BEGIN

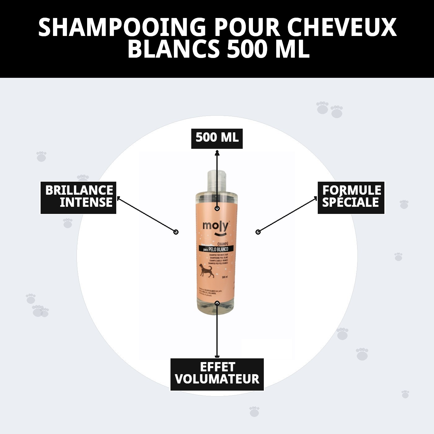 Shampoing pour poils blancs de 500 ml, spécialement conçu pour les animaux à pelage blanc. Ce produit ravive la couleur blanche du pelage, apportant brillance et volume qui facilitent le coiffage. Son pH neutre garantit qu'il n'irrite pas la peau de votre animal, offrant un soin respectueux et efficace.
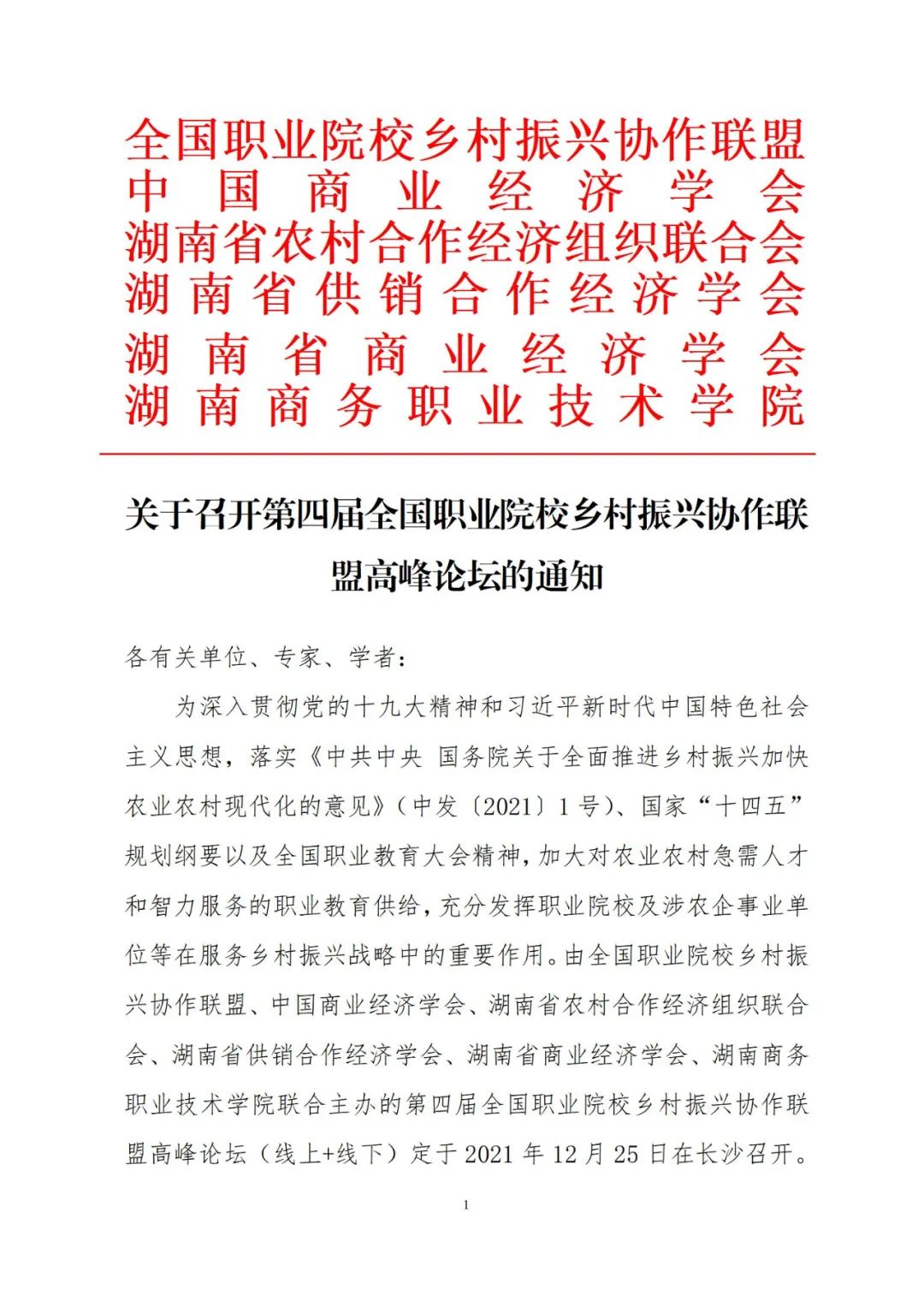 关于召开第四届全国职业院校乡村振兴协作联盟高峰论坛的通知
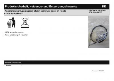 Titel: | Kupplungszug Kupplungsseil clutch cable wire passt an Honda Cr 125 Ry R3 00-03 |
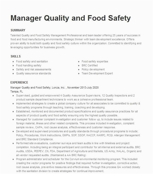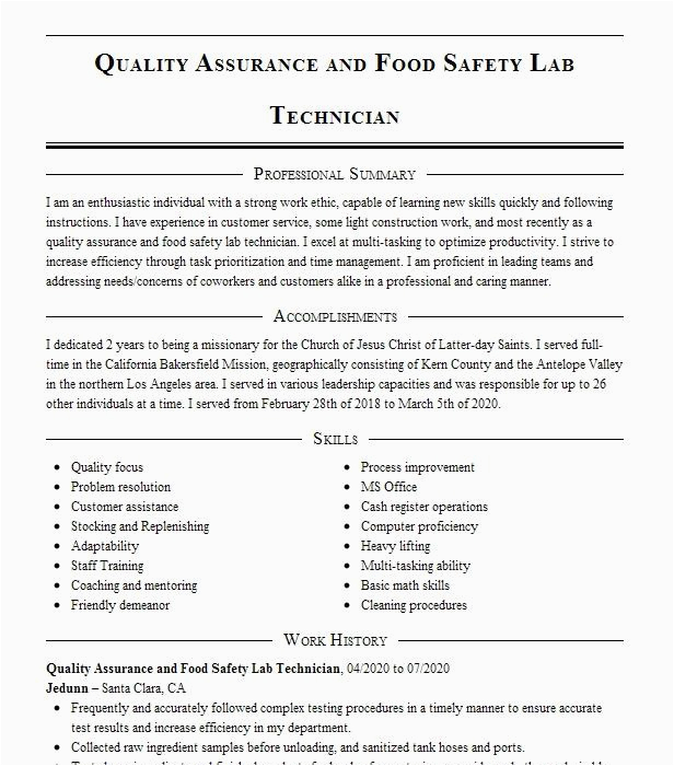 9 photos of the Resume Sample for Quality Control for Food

END
BEGIN

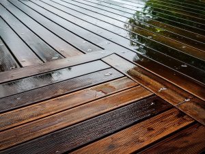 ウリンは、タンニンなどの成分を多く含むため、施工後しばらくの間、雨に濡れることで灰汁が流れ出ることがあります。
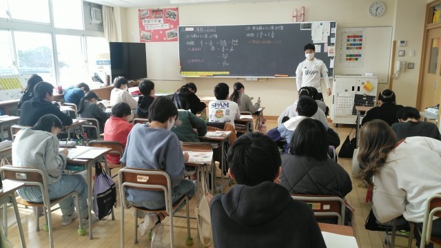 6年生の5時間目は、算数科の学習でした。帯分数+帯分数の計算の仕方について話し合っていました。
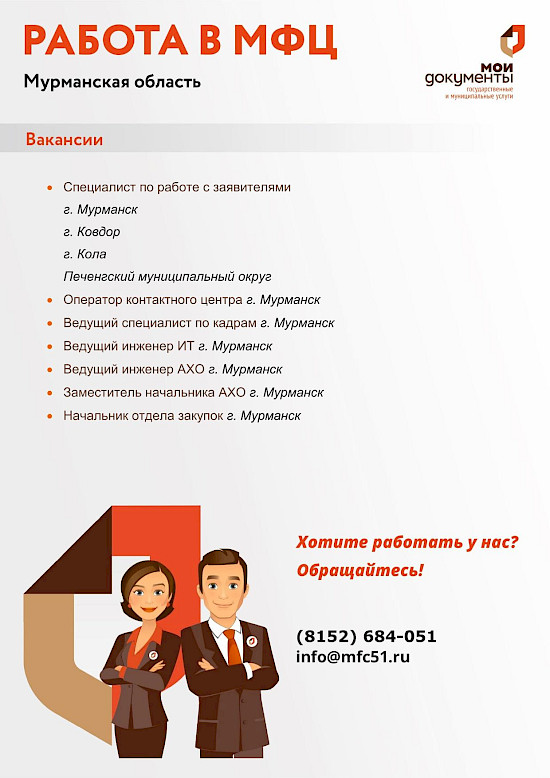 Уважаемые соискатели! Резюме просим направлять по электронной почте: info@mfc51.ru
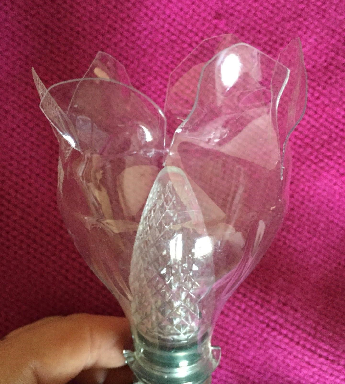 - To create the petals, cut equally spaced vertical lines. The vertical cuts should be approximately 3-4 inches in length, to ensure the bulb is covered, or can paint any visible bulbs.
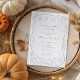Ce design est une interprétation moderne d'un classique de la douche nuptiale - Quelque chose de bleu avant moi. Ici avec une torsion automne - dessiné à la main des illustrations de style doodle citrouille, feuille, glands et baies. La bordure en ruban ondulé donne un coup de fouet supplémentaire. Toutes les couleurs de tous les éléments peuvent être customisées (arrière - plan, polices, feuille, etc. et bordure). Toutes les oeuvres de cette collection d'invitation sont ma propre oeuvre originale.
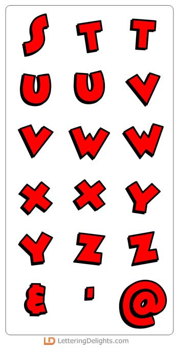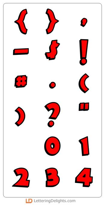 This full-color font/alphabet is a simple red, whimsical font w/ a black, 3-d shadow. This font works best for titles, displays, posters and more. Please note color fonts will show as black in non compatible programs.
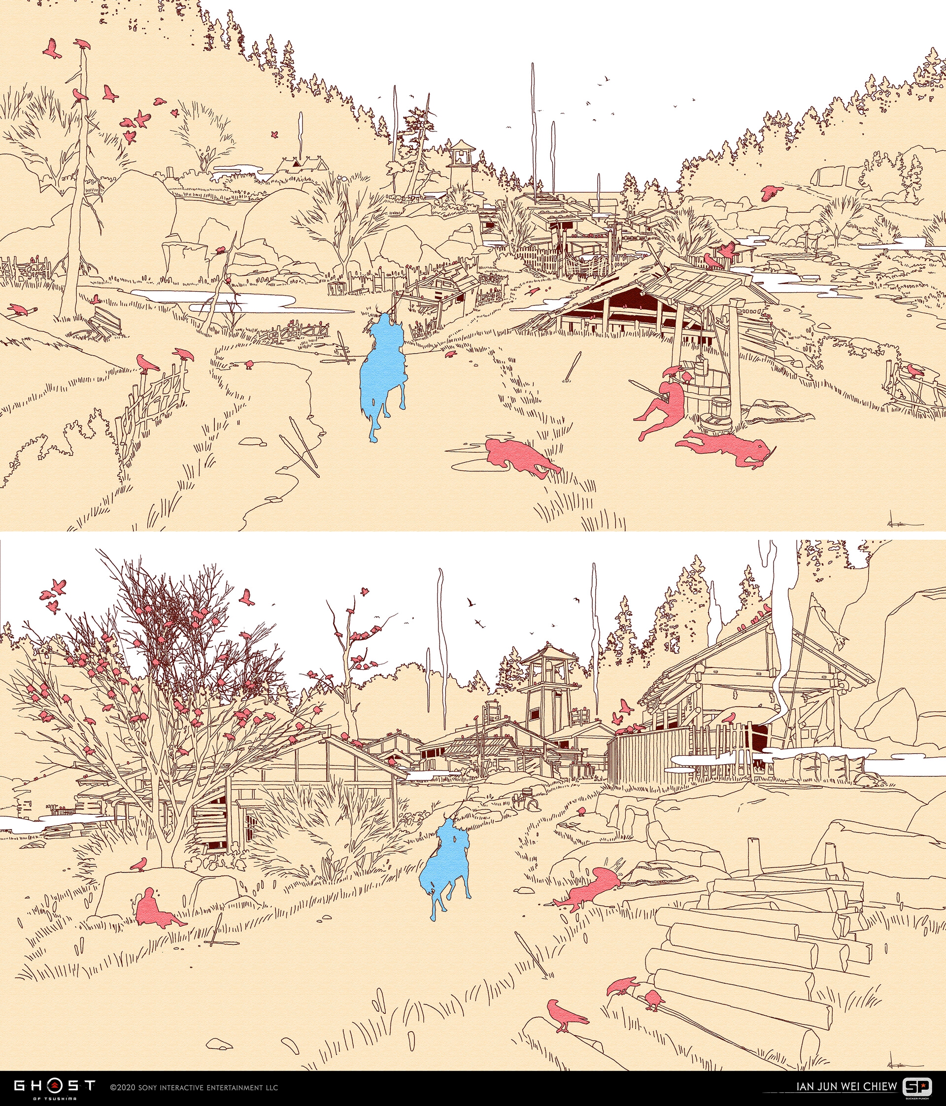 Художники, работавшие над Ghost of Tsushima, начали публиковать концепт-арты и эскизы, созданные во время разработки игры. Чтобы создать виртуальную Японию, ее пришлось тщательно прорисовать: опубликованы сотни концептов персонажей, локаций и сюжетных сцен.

END

» **TASK REQUIREMENTS**: Write out word for word the lines of the listing above from the line with "Shampoing pour poils" to the line with "9 photos of", taking in both of those lines but no pictures.

» **ANSWER SECTION**:
 Shampoing pour poils blancs de 500 ml, spécialement conçu pour les animaux à pelage blanc. Ce produit ravive la couleur blanche du pelage, apportant brillance et volume qui facilitent le coiffage. Son pH neutre garantit qu'il n'irrite pas la peau de votre animal, offrant un soin respectueux et efficace.
 关于召开第四届全国职业院校乡村振兴协作联盟高峰论坛的通知
 Titel: | Kupplungszug Kupplungsseil clutch cable wire passt an Honda Cr 125 Ry R3 00-03 |
 9 photos of the Resume Sample for Quality Control for Food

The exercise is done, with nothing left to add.